Re: comments on draft-ietf-http-state-man-mec-04.txt from Dave Kristol on 1997-11-14 (ietf-http-wg@w3.org from October to December 1997)

From: Dave Kristol <dmk@research.bell-labs.com>
Date: Fri, 14 Nov 97 17:20:35 EST
To: http-wg%cuckoo.hpl.hp.com@hplb.hpl.hp.com
Cc: fielding@kiwi.ics.uci.edu
Message-Id: <9711142220.AA02181@aleatory.tempo.bell-labs.com>
"Roy T. Fielding" <fielding@kiwi.ics.uci.edu> wrote on Tue, 11 Nov 1997 16:19:03 -0800:

  > Larry asked me to do a detailed review of the draft, which is probably
  > a dangerous thing.  I do not consider myself to be a Cookie expert;
  > in fact, I avoid them like the plague.  My comments are on general
(Good judgement!)
  > draftyness issues.

Thanks for the extensive comments.  (Turn about is fair play? :-)

  > 
  > >                 HTTP State Management Mechanism (Rev1)
  > 
  > I'd prefer not to have " (Rev1)" in the title.
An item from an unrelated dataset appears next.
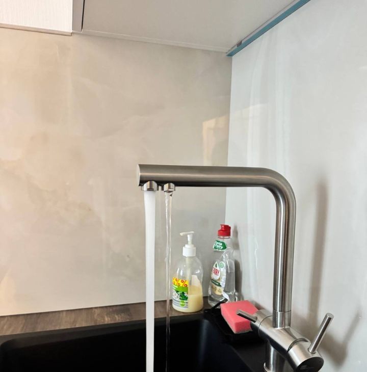 Кран с фильтром, можно сразу пить питьевую воду.
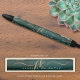 Adicione um toque de elegância e estilo com esta caneta personalizada com detalhes em turquesa, ágata azul esverdeado acentuada com veias de brilho dourado e seu monograma ou iniciais em um estilo de escrita à mão ou assinatura elegante com floreios e nome mostrado em dourado e branco. ASSISTÊNCIA: Para obter ajuda com a modificação do design ou personalização ou se você gostaria de itens coordenados, entre em contato com o designer ANTES DE COMPRAR através da guia de MENSAGEM do Zazzle Chat abaixo ou envie um e-mail para makeitaboutyoustore@gmail.com.

I thought it was desirable to distinguish this from RFC 2109.

  > 
  > >2.  TERMINOLOGY
  > >
  > >The terms user agent, client, server, proxy, and origin server have the
  > >same meaning as in the HTTP/1.1 specification [RFC 2068].
  > >
  > >Host name (HN) means either the host domain name (HDN) or the numeric
  > >Internet Protocol (IP) address of a host.  The fully qualified domain
  > >name is preferred; use of numeric IP addresses is strongly discouraged.
  > >...
  > 
  > A comment should be included regarding support (or non-support) of IPv6
  > addresses [we got pinged on this for the URI draft].

Can you suggest wording?  I wanted to avoid specifying syntax for either,
and I chose the neutral term "numeric IP addresses" to (try to) imply both.
(I also seem to remember that the proposed text representation of IPv6
addresses conflicts with URI syntax....)

  > 
  > In general, I find the terminology section more confusing than useful,
  > even though I do know what is intended.  I find it unlikely that anyone
  > not involved in the mailing list discussions would have a clue as to
  > what is being described.  It would be better to postpone the description
  > of hostname dot comparison until it can be described as part of the
  > matching algorithm.

YMMV.  I prefer to put the terms in one place so someone can find them
easily if they need to.  It's a bit like the HTTP specification -- you
can't really understand this section until you understand the whole thing.

  > 
  > >4.  OUTLINE
  > 
  > Why is the entire protocol specification under the section "OUTLINE"?

Yeah, I guess that's pretty silly.  I'll think of a better heading.

  > 
  > >We outline here a way for an origin server to send state information to
  > >the user agent, and for the user agent to return the state information
  > >to the origin server.  The goal is to have a minimal impact on HTTP and
  > >user agents.  Only origin servers that need to maintain sessions would
  > >suffer any significant impact, and that impact can largely be confined
  > >to Common Gateway Interface (CGI) programs, unless the server provides
  > >more sophisticated state management support.  (See Implementation
  > >Considerations, below.)
  > 
  > CGI has nothing to do with it.  "particular resource namespaces" would
  > be more accurate.  ", unless the server provides more sophisticated
  > state management support" says nothing.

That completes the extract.